- EXERCISE DATA
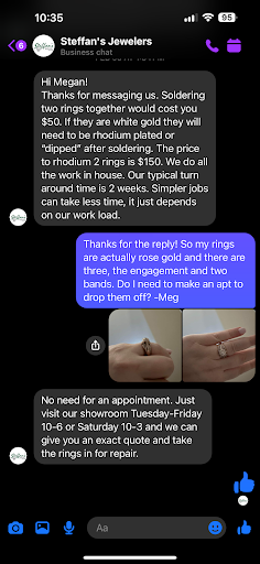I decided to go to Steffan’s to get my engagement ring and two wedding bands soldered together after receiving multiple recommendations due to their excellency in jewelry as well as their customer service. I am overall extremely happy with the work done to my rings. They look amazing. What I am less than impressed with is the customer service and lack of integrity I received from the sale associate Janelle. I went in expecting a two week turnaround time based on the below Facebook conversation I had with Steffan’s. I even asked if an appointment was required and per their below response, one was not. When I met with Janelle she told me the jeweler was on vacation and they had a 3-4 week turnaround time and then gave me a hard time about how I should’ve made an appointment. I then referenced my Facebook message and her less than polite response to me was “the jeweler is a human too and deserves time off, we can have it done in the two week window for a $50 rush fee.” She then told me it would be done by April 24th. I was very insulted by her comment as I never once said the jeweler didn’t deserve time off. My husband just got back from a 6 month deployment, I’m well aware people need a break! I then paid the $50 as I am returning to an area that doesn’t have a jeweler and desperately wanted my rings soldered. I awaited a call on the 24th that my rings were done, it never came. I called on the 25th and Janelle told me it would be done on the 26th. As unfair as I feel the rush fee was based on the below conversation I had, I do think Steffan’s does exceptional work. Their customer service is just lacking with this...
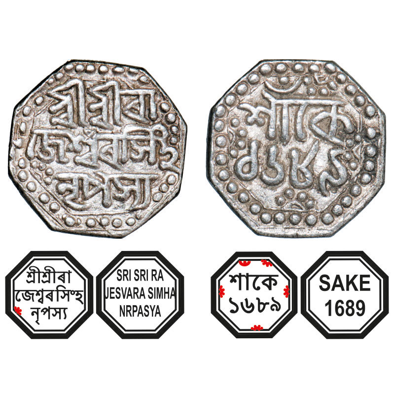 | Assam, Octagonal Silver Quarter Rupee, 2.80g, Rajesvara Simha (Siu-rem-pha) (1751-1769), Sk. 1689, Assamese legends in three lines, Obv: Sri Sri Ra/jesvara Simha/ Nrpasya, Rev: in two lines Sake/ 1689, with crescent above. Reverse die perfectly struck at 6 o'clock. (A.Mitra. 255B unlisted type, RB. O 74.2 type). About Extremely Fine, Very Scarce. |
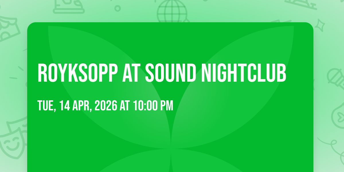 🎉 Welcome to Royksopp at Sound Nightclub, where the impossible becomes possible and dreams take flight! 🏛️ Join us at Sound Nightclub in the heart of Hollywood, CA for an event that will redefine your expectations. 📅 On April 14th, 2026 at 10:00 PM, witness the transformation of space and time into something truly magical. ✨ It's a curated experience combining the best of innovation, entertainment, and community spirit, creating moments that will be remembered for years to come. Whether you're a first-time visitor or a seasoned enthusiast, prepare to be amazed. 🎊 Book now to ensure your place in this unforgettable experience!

- WHAT TO DO
Everything in the listing above, apart from its pictures, must be repeated exactly.

- COMPLETED TASK
I decided to go to Steffan’s to get my engagement ring and two wedding bands soldered together after receiving multiple recommendations due to their excellency in jewelry as well as their customer service. I am overall extremely happy with the work done to my rings. They look amazing. What I am less than impressed with is the customer service and lack of integrity I received from the sale associate Janelle. I went in expecting a two week turnaround time based on the below Facebook conversation I had with Steffan’s. I even asked if an appointment was required and per their below response, one was not. When I met with Janelle she told me the jeweler was on vacation and they had a 3-4 week turnaround time and then gave me a hard time about how I should’ve made an appointment. I then referenced my Facebook message and her less than polite response to me was “the jeweler is a human too and deserves time off, we can have it done in the two week window for a $50 rush fee.” She then told me it would be done by April 24th. I was very insulted by her comment as I never once said the jeweler didn’t deserve time off. My husband just got back from a 6 month deployment, I’m well aware people need a break! I then paid the $50 as I am returning to an area that doesn’t have a jeweler and desperately wanted my rings soldered. I awaited a call on the 24th that my rings were done, it never came. I called on the 25th and Janelle told me it would be done on the 26th. As unfair as I feel the rush fee was based on the below conversation I had, I do think Steffan’s does exceptional work. Their customer service is just lacking with this...
 | Assam, Octagonal Silver Quarter Rupee, 2.80g, Rajesvara Simha (Siu-rem-pha) (1751-1769), Sk. 1689, Assamese legends in three lines, Obv: Sri Sri Ra/jesvara Simha/ Nrpasya, Rev: in two lines Sake/ 1689, with crescent above. Reverse die perfectly struck at 6 o'clock. (A.Mitra. 255B unlisted type, RB. O 74.2 type). About Extremely Fine, Very Scarce. |
 🎉 Welcome to Royksopp at Sound Nightclub, where the impossible becomes possible and dreams take flight! 🏛️ Join us at Sound Nightclub in the heart of Hollywood, CA for an event that will redefine your expectations. 📅 On April 14th, 2026 at 10:00 PM, witness the transformation of space and time into something truly magical. ✨ It's a curated experience combining the best of innovation, entertainment, and community spirit, creating moments that will be remembered for years to come. Whether you're a first-time visitor or a seasoned enthusiast, prepare to be amazed. 🎊 Book now to ensure your place in this unforgettable experience!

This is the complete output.